Selekwa: I was introduced to Ray Charles at a young age and I’m still a fan to this day. My mother was really in to the classics. I remember Charles, Marvin Gaye and Barry White being the soundtracks to my childhood. When I started listening to rap it was all about Tupac, he really got me hooked. I was new to the rap scene and I adapted to it quick but I always kept true to the roots and it shows in my music production. Emotion is really important for when I’m trying to feel inspired to write. I mean, I could be having a bad day before throwing on ‘Georgia’ by Charles and relating to the emotion. It gives me chills, honestly. I look up to Charles, man. He’s a legend and he really inspires me to make music with feeling, you know? I want my fans to have the same connection to my music that I have to Charles’. But rap-wise, it’s Tupac that was first showed me that I could get lost in the genre. I’m a fan first and the history of hip-hop and rap. It really gets me. I’ll even throw it back to Jam Master Jay and Kurtis Blow every now and then.
HipHopCanada: If Tupac was still alive today, do you think he would have sold out?
Selekwa: I wouldn’t say ‘sold out,’ but it would be totally different. I mean, I don’t think they would be doing songs with Lady Gaga or Adele but who knows, really.
HipHopCanada: What adversities did you face in the production phases of Top My Game?

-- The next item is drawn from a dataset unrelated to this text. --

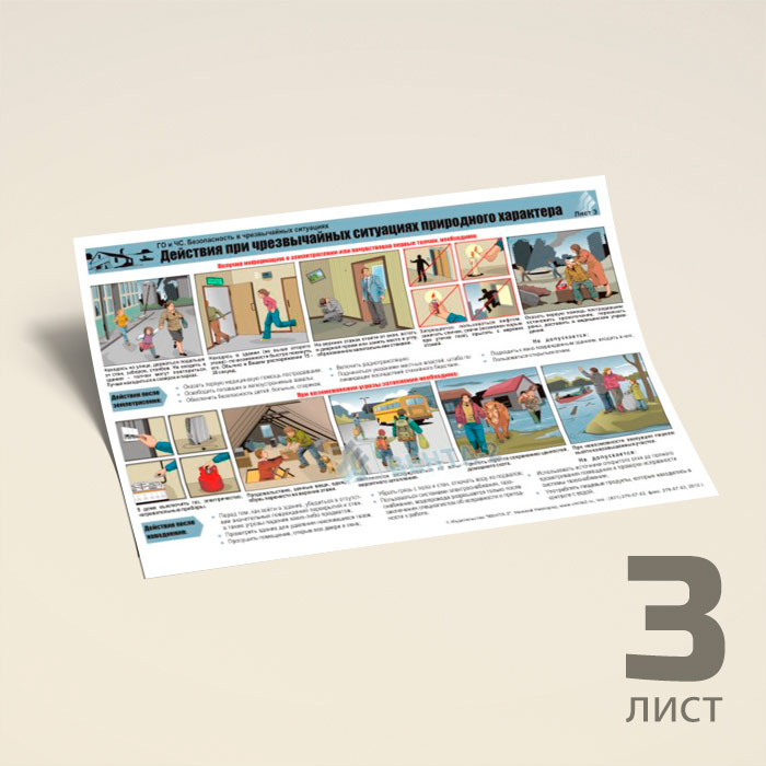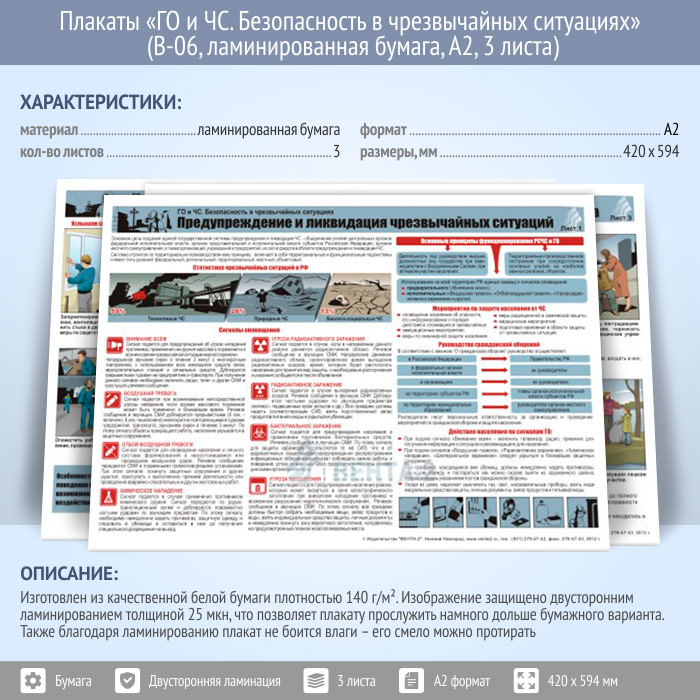 Плакаты «ГО и ЧС. Безопасность в чрезвычайных ситуациях» (В-06, ламинированная бумага, А2, 3 листа) в Ульяновске купить

Selekwa: That’s actually a great question. The EP was a great experience, overall. But we had to go backward many times. We switched many producers, re-did tracks and what not. It was a trial and error process that involved me actually re-doing the entire album in the end. Still, it was a great learning experience of pros and cons which every successful artist endures at least once in their career. The second time around ran much smoothly and we attribute that to our mistakes prior. They say nothing worth doing is easy and that’s entirely true in this case.
Interview conducted by @ZackNoureddine for HipHopCanada.